Our study has many strengths. To the best of our knowledge, this is the first study investigating the effect of presence and severity of fetal growth restriction on glomerular and tubular development and function. We prevented possible confounding by matching for gestation and excluding neonates with significant perinatal insult. We report a wide repertoire of renal functions by measuring creatinine clearance, fractional excretion of sodium, serum creatinine, and serum β-2-microglobulin. However, we did not measure the size of kidneys by imaging or nephron number by renal biopsy. Latter would have needed an invasive procedure that was not justified without any preliminary evidence of the effect of fetal growth restriction on renal development. Our study was powered to detect at least a 50% reduction in urinary PCX levels, and we cannot exclude a smaller effect size. Last, we used size at birth as a proxy of fetal growth restriction to enroll neonates in the study. A better subject selection strategy would be the enrollment of pregnant women in which fetal growth restriction has been identified based on serial changes in the fetal biometry. However, we believe that neonates with birth weight <3rd centile are unlikely to be just constitutionally small and therefore have presented a secondary analysis based on birth weight percentile value. No observation of a “dose–response” relationship between the birth weight percentile and urinary PCX levels further strengthens our conclusion that fetal growth restriction does not affect the nephrogenesis.

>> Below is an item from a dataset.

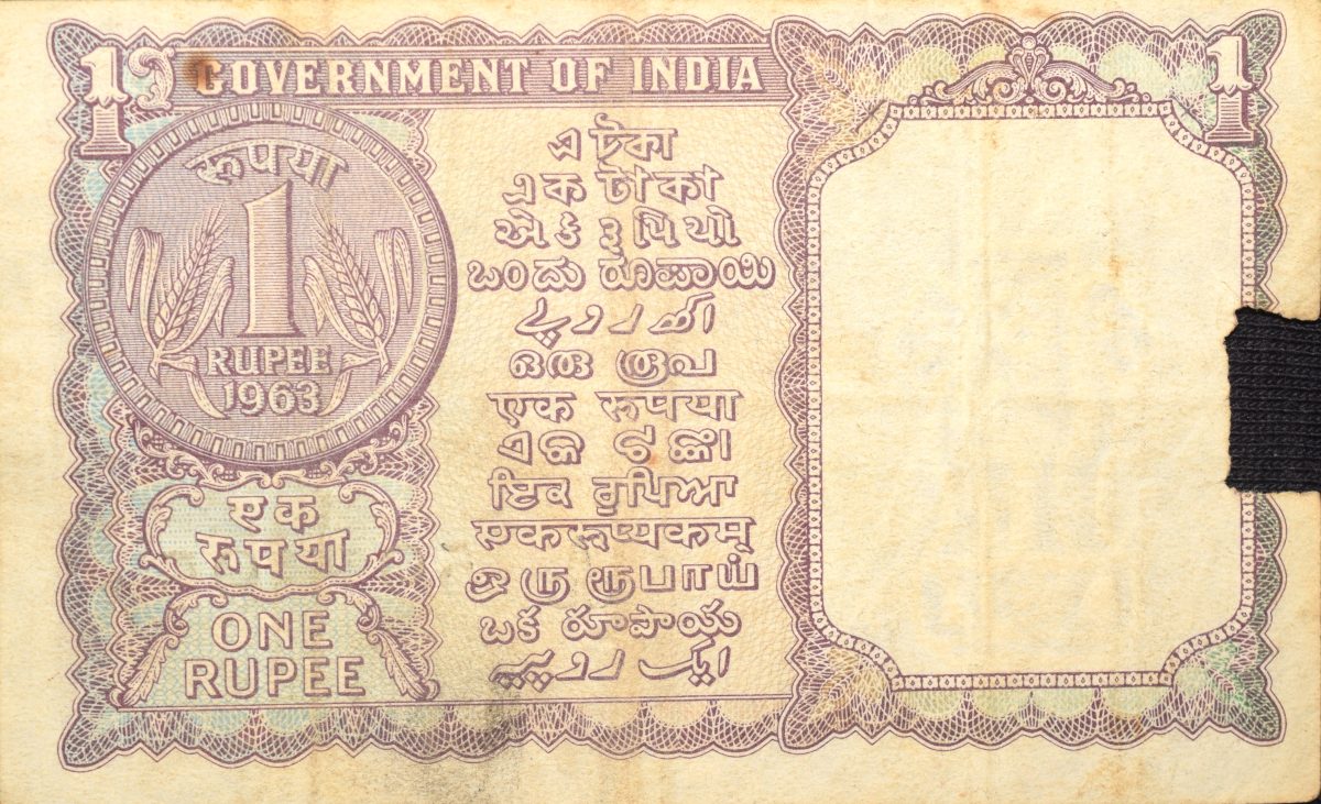 1 Rupee of Republic India (AD 1963) L.K. Jha – Violet color. Smaller watermark window and numbers to the left. Large ornamental 1 in the centre

To conclude, this study did not observe any effect of the presence or severity of fetal growth restriction on glomerular development or renal functions. The results of this study are important given the high prevalence of LBW in India. It would be important to replicate the results of the study in larger cohorts. Long-term measurement of renal functions should be part of such a study. This study also highlights the need for a better biomarker of intrauterine nephrogenesis and its correlation with fetal growth restriction to reflect the fetal origin of adult diseases.